In the Afternoon, Mr. now Dr. Parkman,1 2 Kings 6. 12–17 embracing the whole passage but these words most especially. “Fear not; for they that be with us are more than they that be with them.” An encouraging view of the supports to the cause of Christianity, evidently alluding to the present fears of the infidel faith if I may so call 53Miss Fanny Wrights beautiful absurdity. I hardly fancy there is cause for much alarm. Our world grows wider and admits greater varieties of belief. Men’s minds do not take in the whole while they watch a particular part. Mr. Parkman is an ordinary man with all the pedantry of the clerical profession. But he is a worthy citizen.

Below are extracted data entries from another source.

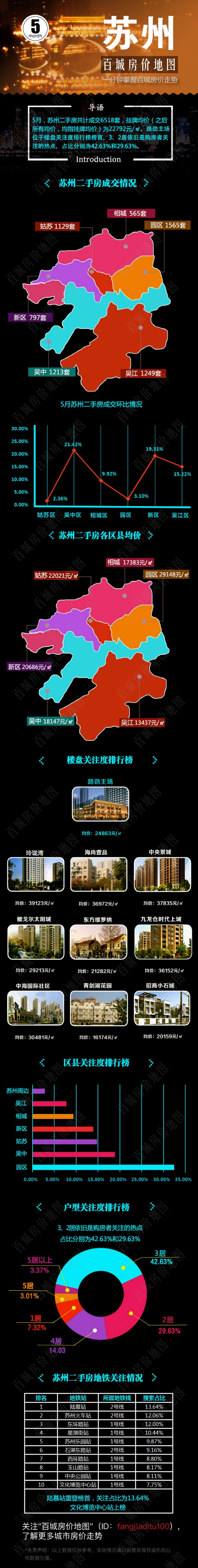 房天下二手房数据中心数据显示,5月苏州二手房共计成交6518套,环比上涨10.74%。其中园区成交量最大,为1565套;吴江和姑苏成交量位居第二、第三,分别为1249、1129套。
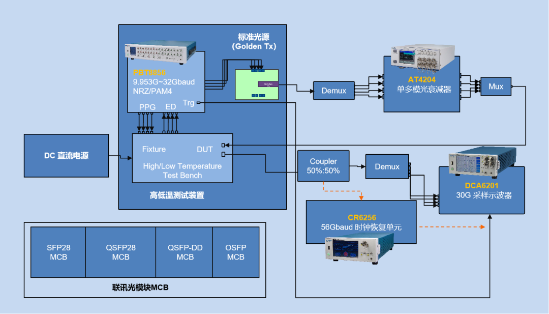 針對400G 光模塊,聯(lián)訊儀器提供一站式測試解決方案,包括8通道400G PAM4誤碼儀,56G波特率光時鐘恢復單元(支持NRZ/PAM4 時鐘恢復),1/2/4光口采樣示波器,多通道光衰減器,多通道光功率計,光開關等設備,以及光模塊的MCB,可根據(jù)客戶的實際使用環(huán)境靈活配置。
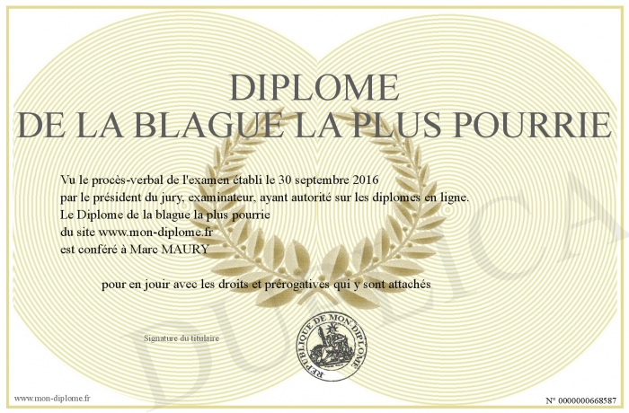 Envoyez par email votre Diplôme de la blague la plus pourrie personalisé
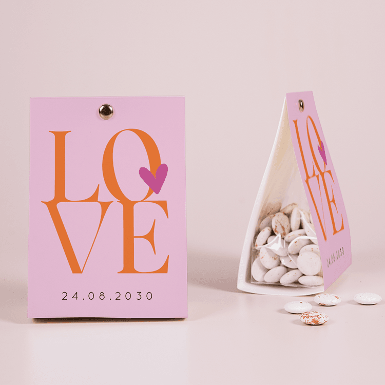 Bedank de gasten van jullie bruiloft met een snoepzakje in de stijl van jullie trouwkaart!
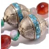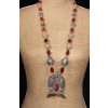 Hand made long necklace made of vintage, silver Nepalese beads,, faceted Agate and Carnelian mineral stone beads. Unique silver beads decorated with a traditional paste made of turquoise. Vintage, hand made silver Center piece, in double fish design decorated with Carnelian stone. An impressive, multicolor necklace full of artistic details .
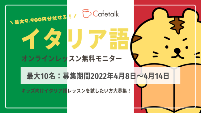 世界中の講師と生徒をつなぐオンライン習い事サイト「カフェトーク(http://cafetalk.com/)」を運営する株式会社スモールブリッジ(本社:東京都渋谷区、代表取締役:橋爪小太郎)は、オンライン/マンツーマンで実施される子供向けイタリア語レッスンをお試しいただけるモニター様10名を2022年4月8日~4月14日の日程で募集しています。
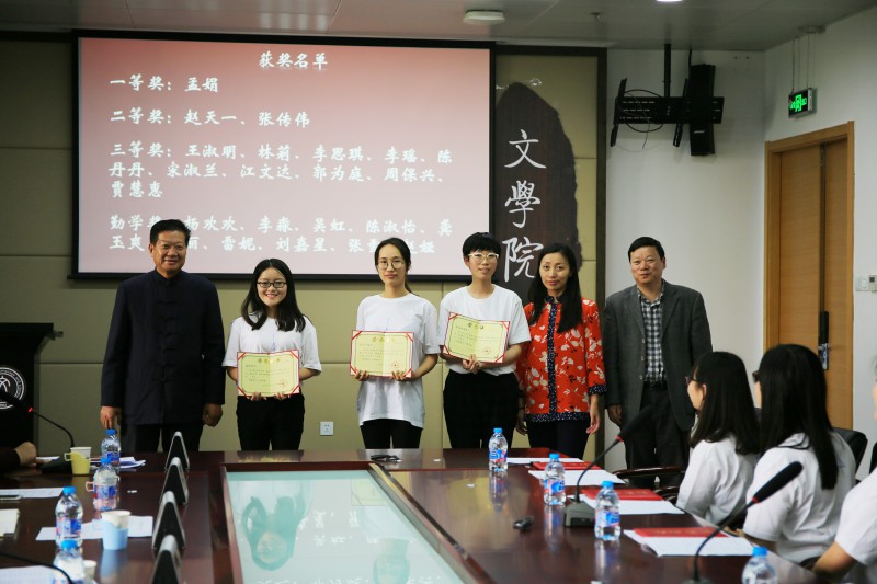 一等奖获得者、2013级本科生孟娟,三等奖获得者、2015级研究生李瑶代表获奖学生发言,表达了对捐赠者的感恩,对学校和老师引导他们走向学习经典之路的感激。孟娟深情感慨到:从大一到大四,国学经典丰厚着她的大学生活,她可以流利背诵整本《论语》及《学庸》《老子》,熟读《诗经》《周易》,这个奖项的获得,是对她大学学习生涯的肯定和鼓励。李瑶讲述了她作为志愿者在秀强集团的学习期间,对于志愿者的道德境界的理解和感动,表达了她对传统文化浸润下的秀强人所展现的人人积极向上,彼此和谐互助的良好精神风尚的崇敬。其他获奖同学也纷纷发言,分享与经典结缘的经历和研习国学传统文化带给她们的影响和改变。最后,全体获奖同学集体背诵了《大学》。
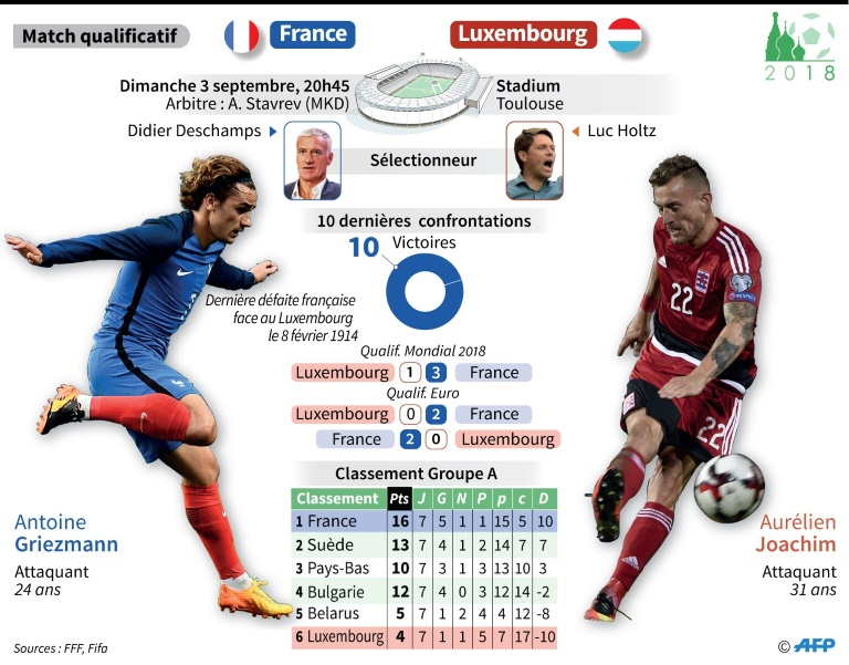 Garder la flamme sans s'enflammer: l'équipe de France, soulagée par sa démonstration jeudi face aux Pays-Bas (4-0) qui l'a approchée du Mondial-2018, doit désormais se remobiliser face au modeste Luxembourg et entretenir son élan offensif, dimanche à Toulouse (20h45).
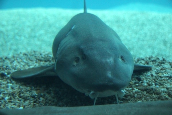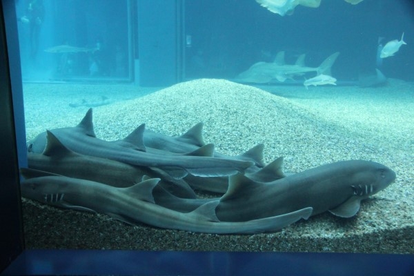 海遊館の大水槽、底の隅っこでおくつろぎ中のイヌザメ集団。おとなしいサメだそうです。
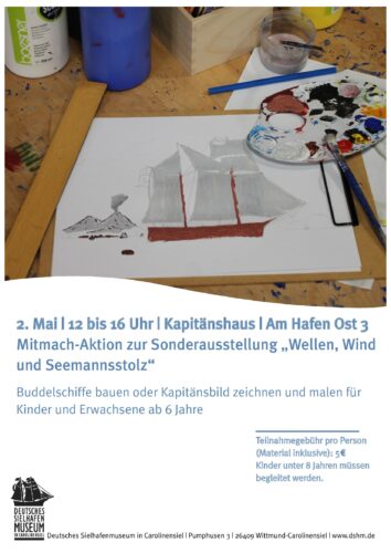In zwei Museumsgebäuden zeigt das Deutsche Sielhafenmuseum zur Zeit die Sonderausstellung „Wellen, Wind und Seemannsstolz – Schiffsdioramen und Kapitänsbilder des 19. Jahrhunderts“. Voller Stolz schnitzten die Seeleute in den Wintermonaten ein Modell ihres eigenen Segelschiffes und bauten es in eine tolle Landschaft mit Meer und Himmel in einer Kiste oder einer Flasche. Von Marinemalern ließen sich die Kapitäne ein Porträt ihres Schiffes malen und hängten es über das Wohnzimmerzimmersofa. Wir wollen es ihnen nachmachen und mit Papier, Pappe, Kleister und Farbe auch ein „Buddelschiff“ bauen oder ein Schiffsporträt auf Leinwand malen. Die Museumsmitarbeiter laden Kinder und Erwachsene am Samstag, den 2. Mai von 12 bis 16 Uhr in das Kapitänshaus des Deutschen Sielhafenmuseums in Carolinensiel zu dieser besonderen Mitmachaktion ein. Weitere Informationen unter www.dshm.de/programm/.

Read a Sermon of Barrow: The duty of Prayer from 1. Thessalonians 5. 17. “Pray without ceasing.” Good practical sense. He takes prayer in the most enlarged sense as including not only applications for aid, but thankfulness for favor and the general piety which is a habit of the mind rather than any outward act. He defines the nature of the advice in a similar way. He supposes the injunction to be the cultivation of that state of feeling under which man is led to rely upon and look up to the Deity in all the various conditions in which he may be placed. Some of these are enumerated by him. But I was much struck today with the inelegance of the language used in some cases, the singularity of some of the expressions and the ungraceful tone. I have not noticed this so much before.

My Wife and Mr. Brooks rode to Medford and did not return until quite late. I sat down in the evening and wrote against Mr. Webster’s nomination but what avails it? The thing is to be done and I am not to make myself a gladiator in any arena of personal contention.

1.

Francis Parkman had been made S.T.D. at Harvard in 1834 ( Quinquennial Cat. ).